Sunday, October 28, 2012

Where's the Beef?

     In the spring of 1984, the Democratic primaries were heating up. Senator Gary Hart had gained the lead in the polls by criticizing his opponent, vice president Walter Mondale, as old fashioned. The younger and less experienced Hart was seen as more hip and ready to make changes to the current political climate. He used his image as a new style politician, and subversive rhetoric to polarize people against the current vice president. 

     During that same time, Wendy's fast food chain was launching a new campaign. This new ad campaign simply asked "Where's the beef". The advertisements and commercials were widely accepted and found their height in popularity during the height of the 1984 primaries. 

    Mondale realized he needed something to change the tide. He found what he needed during a debate when Hart was speaking for new style politics in accordance with his campaign against Mondale's old fashion ways. Mondale countered by saying "when I hear your new ideas, I'm reminded of the ad, 'Where's the Beef'". 
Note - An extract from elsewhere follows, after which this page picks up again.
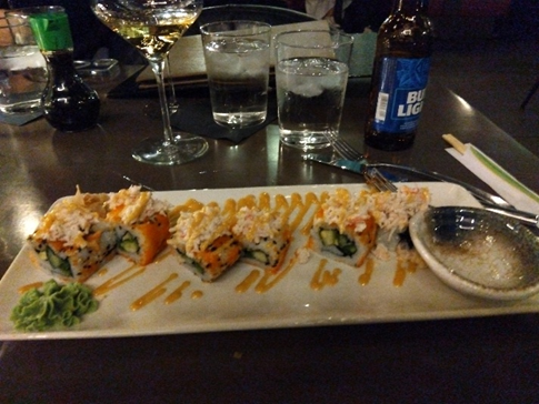 24日の昼食のカリフォルニアロール。初めて食べたがおいしかった。中にノリが巻いてあり、ノリの香りがなかなかいい。これは全部いただきました。左下にワサビのようなものが添えられていたが、これは多分、合成ワサビ。これはいただけない。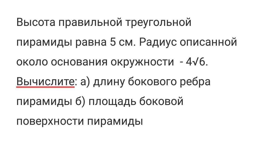 а)Радиус описанной около основания окружности - это 2/3 высоты треугольника, лежащего в основании, и он равен (2/3)*а√3/2=4√6, откуда а=12√2- сторона основания. По теореме ПИфагора найдем боковое ребро пирамиды. √(5²+(4√6)²)=√(25+96)=√121=11/см/

A slogan was formed that became the basis for Mondale's campaign. It turned the tide too as Mondale took the lead and eventually the bid in the presidential primary. The slogan worked wonderfully as it polarized people both against Hart and against his ideas. The slogan questioned Hart's resume and experience; it asked if this man, who came out of Colorado without ever being heard of before, has the credentials needed to be president. It also asked Hart to focus on his policies and what he would do, rather than the flaws of the current political climate. It was an ideal polarizing slogan as well because it called for Hart to give up his own polarizing campaign, a call for moderation, while polarizing people against Hart at the same time. It said nothing for Mondale's claim, all it did was take away from Hart's.

    This year Wendy's returned to their old ad campaign with this commercial. 

Perhaps this could inspire voters today to wonder where the beef is in the current election. To wonder if there's more to a candidate than saying why his opponent doesn't deserve the election. Candidates could have advertisements promoting their own 'beef', rather than trying to destroy the credentials of their opponent. I see this slogan, used to degrade another candidate initially in 1984, as a call for moderation in the current political environment. I believe that if more candidates focused on themselves and their policies, rather than trying to say why not to vote for the opponent, that it could lead to a much more moderate nation.